If you were still holding out hope that Google would change its mind and keep its Google+ network for public consumption, well that dream has officially died now. Google+ is no longer available now for consumer and brand accounts. They’ve supposedly given us ample time to back up and delete data from the accounts so no one should be surprised now that it’s officially gone. It still lives on to some extent for business and enterprise users as it is being repositioned as a work tool. But for all intents and purposes, the Google+ that we came to know and not really liked is gone.

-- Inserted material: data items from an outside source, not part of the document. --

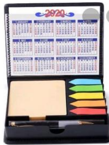
Sticky note set with box
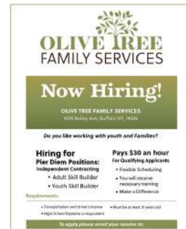
OTFS is Hiring
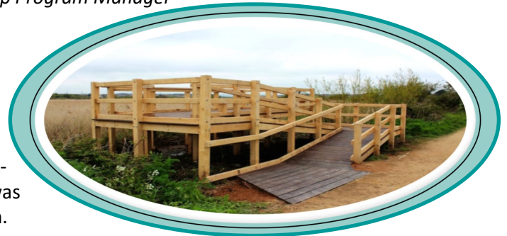
Proposed wildlife viewing platform: Rend Lake

The Handshake Program is an incentive program developed by HQUSACE for field sites to develop partnerships and use partnership authorities to encourage community engagement. For FY 19, there was $100,000 available for competition.
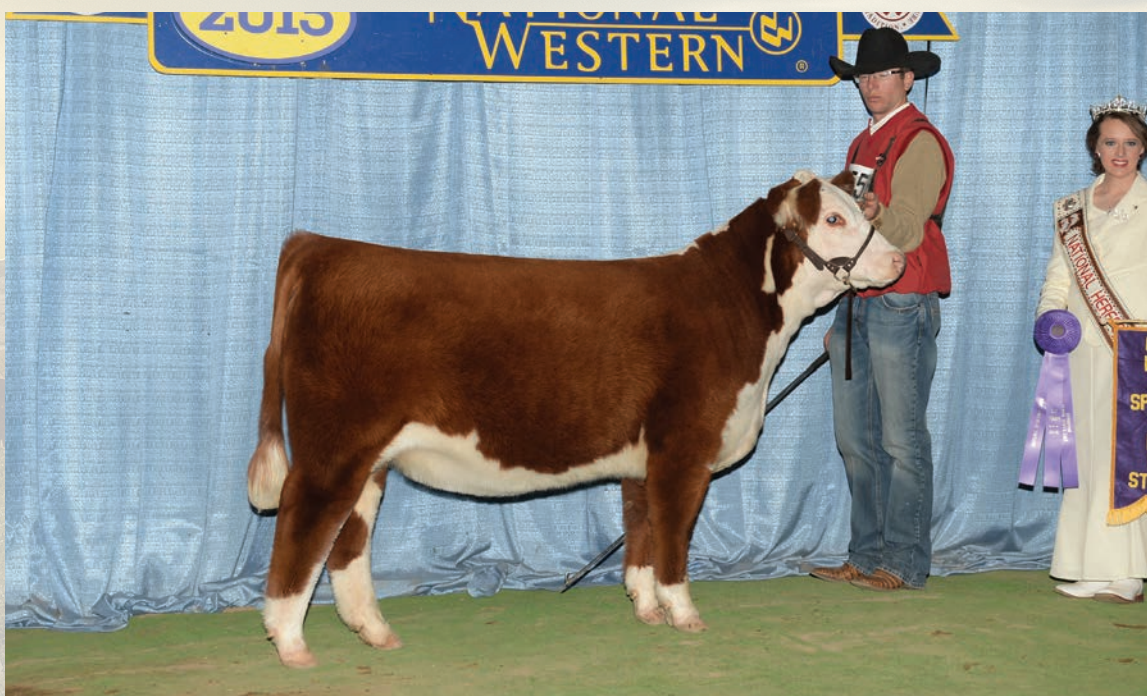
ECR Miss Sensation 4328 ET :: Dam of Lots 31 & 32

BD: 5/9/19 • Reg. #44056067 • Polled • Tattoo 9903
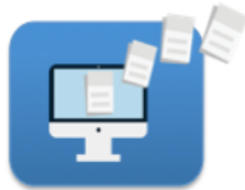
Client / Contact Management
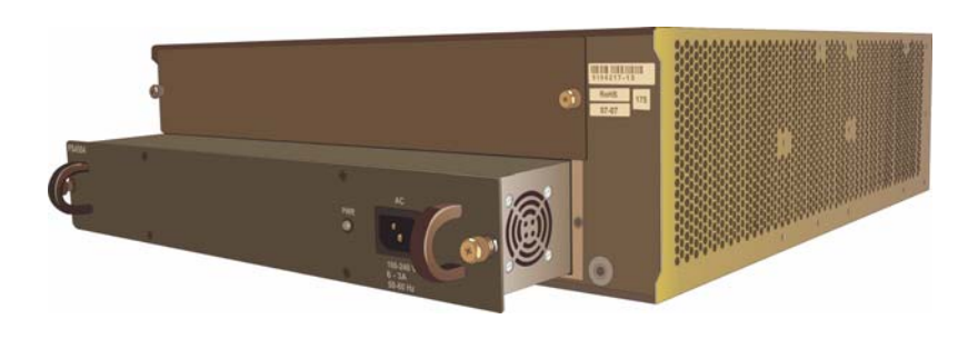
Figure 11: Inserting a power supply unit

The G450 provides full redundant, load sharing power supply units (1 + 1). A single power supply unit provides sufficient power for any G450 configuration. If you choose to install two power supply units, they operate in a load sharing mode.

Originally, the plan was to sunset the social network by August 2019. But due to a security lapse that possibly exposed user data due to Google+ APIs accelerated the shutdown and so it was moved to April 2019. While there was actually one petition to keep it around longer, there was no turning back for Google anymore. The version that they’re keeping for enterprise users is intended for closed group collaboration, using its communication services to let you keep in touch with workmates.

If you still haven’t backed up all your data, there is still hope as they are still currently in the process of deleting content which will probably take some time, in fact, a few months to complete. And so you can use Google’s data export system if you still haven’t done that even as Google+ is already officially closed.

If you didn’t delete your data after making a copy, then it will probably be found in the Internet Archive where the digital museum/library will be keeping some records in case future generations would like to see what people were doing and saying , of course,. However, only public posts have been crawled and archived and if you deleted all your data then of course you won’t see it in the Wayback Machine.

So, for the last time (maybe), we say goodbye to the consumer version of Google+. You never really got into most of our hearts, but it’s still sad all the same to say goodbye to something that may have been a part of our digital lives.